### [Task input]

╔══

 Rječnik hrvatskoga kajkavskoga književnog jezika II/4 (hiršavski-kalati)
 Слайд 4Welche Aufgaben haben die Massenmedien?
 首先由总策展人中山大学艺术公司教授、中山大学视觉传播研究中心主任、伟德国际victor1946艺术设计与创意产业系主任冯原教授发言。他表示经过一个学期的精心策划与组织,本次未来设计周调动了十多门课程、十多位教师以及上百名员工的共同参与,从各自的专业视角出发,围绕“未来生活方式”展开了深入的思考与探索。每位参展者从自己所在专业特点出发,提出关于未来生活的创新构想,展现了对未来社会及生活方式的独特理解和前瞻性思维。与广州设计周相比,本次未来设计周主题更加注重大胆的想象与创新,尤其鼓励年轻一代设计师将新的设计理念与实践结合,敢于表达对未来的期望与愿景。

╚══
╔══

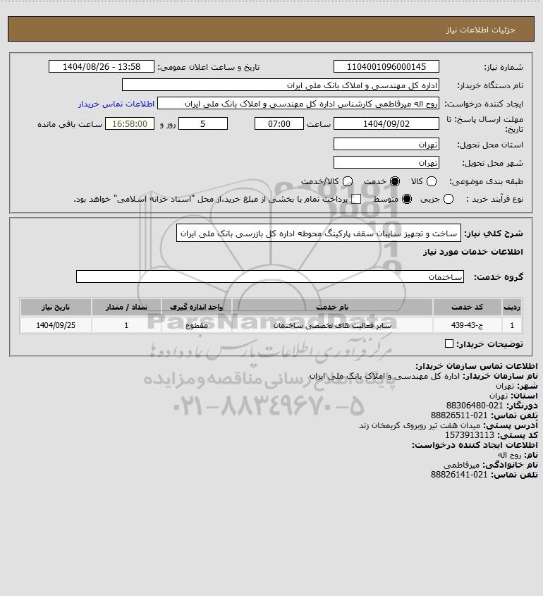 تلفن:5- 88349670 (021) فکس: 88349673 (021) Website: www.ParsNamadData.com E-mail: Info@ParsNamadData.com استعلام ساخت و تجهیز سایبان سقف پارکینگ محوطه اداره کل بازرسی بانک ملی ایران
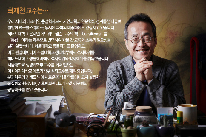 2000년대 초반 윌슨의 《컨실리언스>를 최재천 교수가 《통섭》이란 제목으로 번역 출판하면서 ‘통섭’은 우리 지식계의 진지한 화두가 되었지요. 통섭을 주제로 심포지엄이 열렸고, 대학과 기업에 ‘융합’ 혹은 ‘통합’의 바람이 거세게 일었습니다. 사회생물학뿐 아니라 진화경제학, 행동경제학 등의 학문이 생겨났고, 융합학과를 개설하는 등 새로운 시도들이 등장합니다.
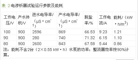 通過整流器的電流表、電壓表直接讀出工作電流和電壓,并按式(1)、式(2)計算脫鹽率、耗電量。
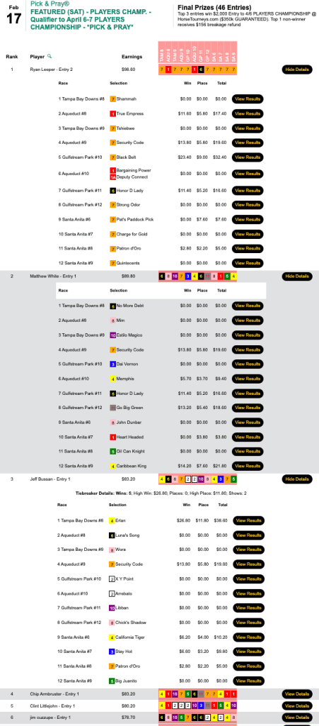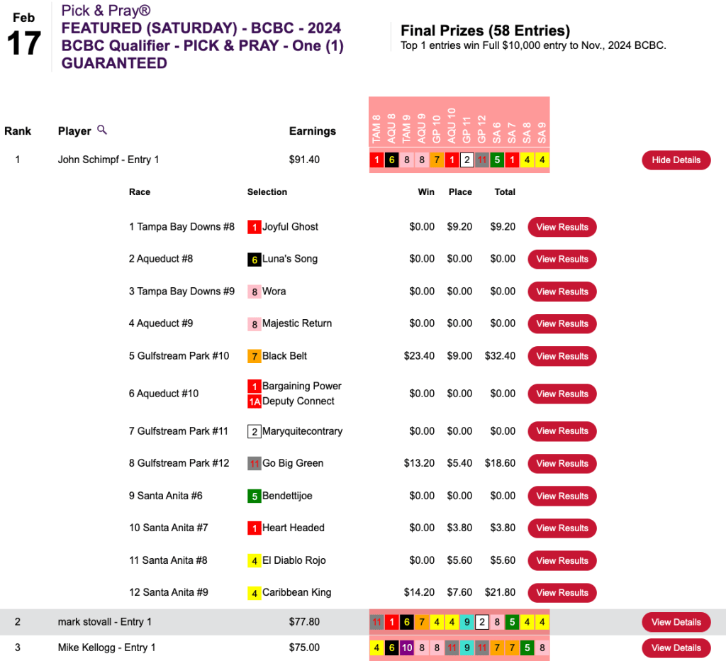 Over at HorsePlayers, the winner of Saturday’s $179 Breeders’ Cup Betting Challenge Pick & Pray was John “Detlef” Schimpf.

╚══
╔══

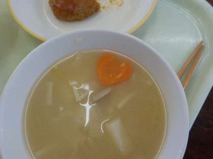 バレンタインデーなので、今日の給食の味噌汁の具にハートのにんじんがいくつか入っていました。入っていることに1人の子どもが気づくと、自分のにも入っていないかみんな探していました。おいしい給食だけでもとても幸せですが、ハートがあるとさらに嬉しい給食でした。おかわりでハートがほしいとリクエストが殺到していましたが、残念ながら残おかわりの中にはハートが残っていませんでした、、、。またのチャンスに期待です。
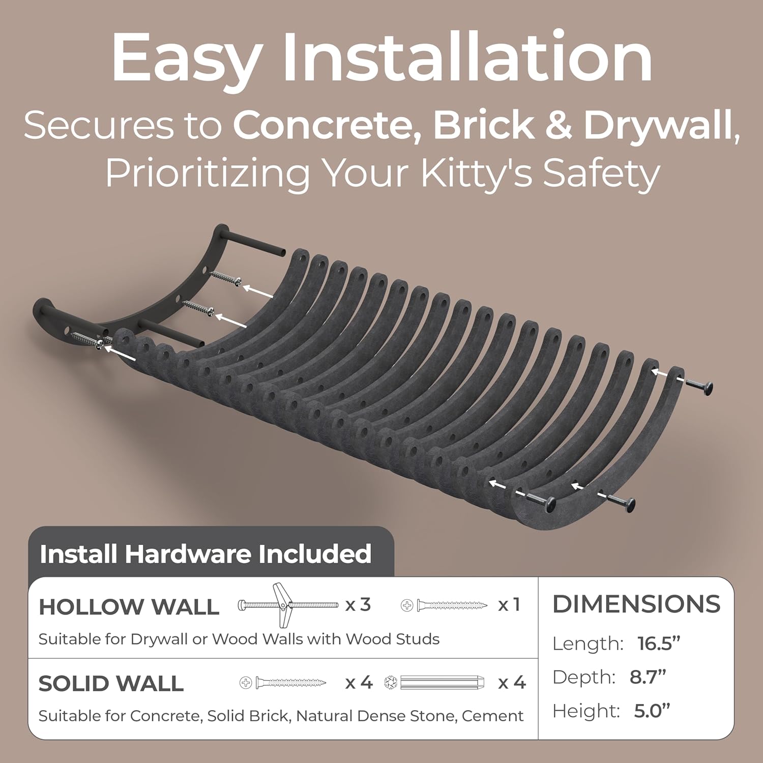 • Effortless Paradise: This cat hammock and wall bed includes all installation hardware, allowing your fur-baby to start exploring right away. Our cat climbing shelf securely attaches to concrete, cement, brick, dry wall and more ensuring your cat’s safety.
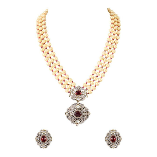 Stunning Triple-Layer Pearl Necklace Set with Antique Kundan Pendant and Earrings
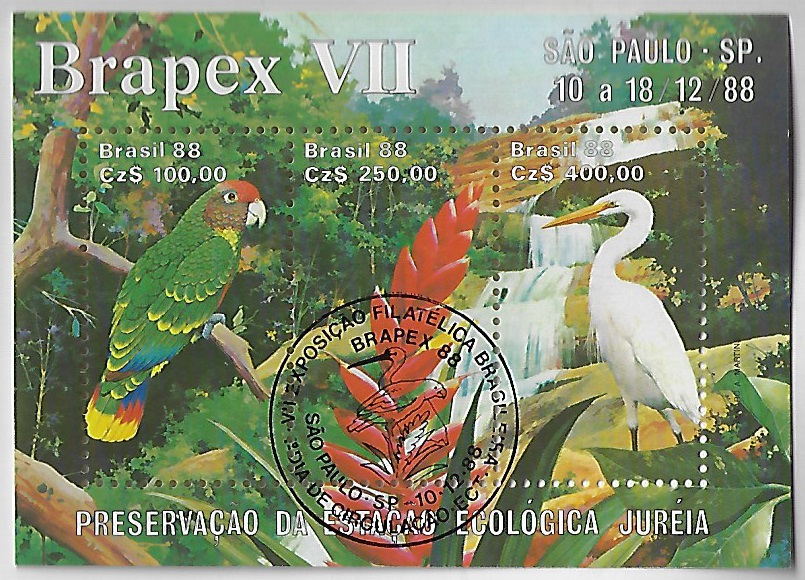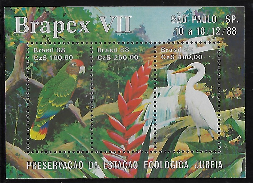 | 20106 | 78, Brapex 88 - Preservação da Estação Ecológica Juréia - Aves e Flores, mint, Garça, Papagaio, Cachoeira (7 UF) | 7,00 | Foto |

╚══

### [Description of the task]
What do the lines above say from the one containing "Rječnik hrvatskoga kajkavskoga" down to the one containing "首先由总策展人中山大学艺术公"? Return them exactly, both end lines included, and only them.

### [Answer to this problem]
 Rječnik hrvatskoga kajkavskoga književnog jezika II/4 (hiršavski-kalati)
 Слайд 4Welche Aufgaben haben die Massenmedien?
 首先由总策展人中山大学艺术公司教授、中山大学视觉传播研究中心主任、伟德国际victor1946艺术设计与创意产业系主任冯原教授发言。他表示经过一个学期的精心策划与组织,本次未来设计周调动了十多门课程、十多位教师以及上百名员工的共同参与,从各自的专业视角出发,围绕“未来生活方式”展开了深入的思考与探索。每位参展者从自己所在专业特点出发,提出关于未来生活的创新构想,展现了对未来社会及生活方式的独特理解和前瞻性思维。与广州设计周相比,本次未来设计周主题更加注重大胆的想象与创新,尤其鼓励年轻一代设计师将新的设计理念与实践结合,敢于表达对未来的期望与愿景。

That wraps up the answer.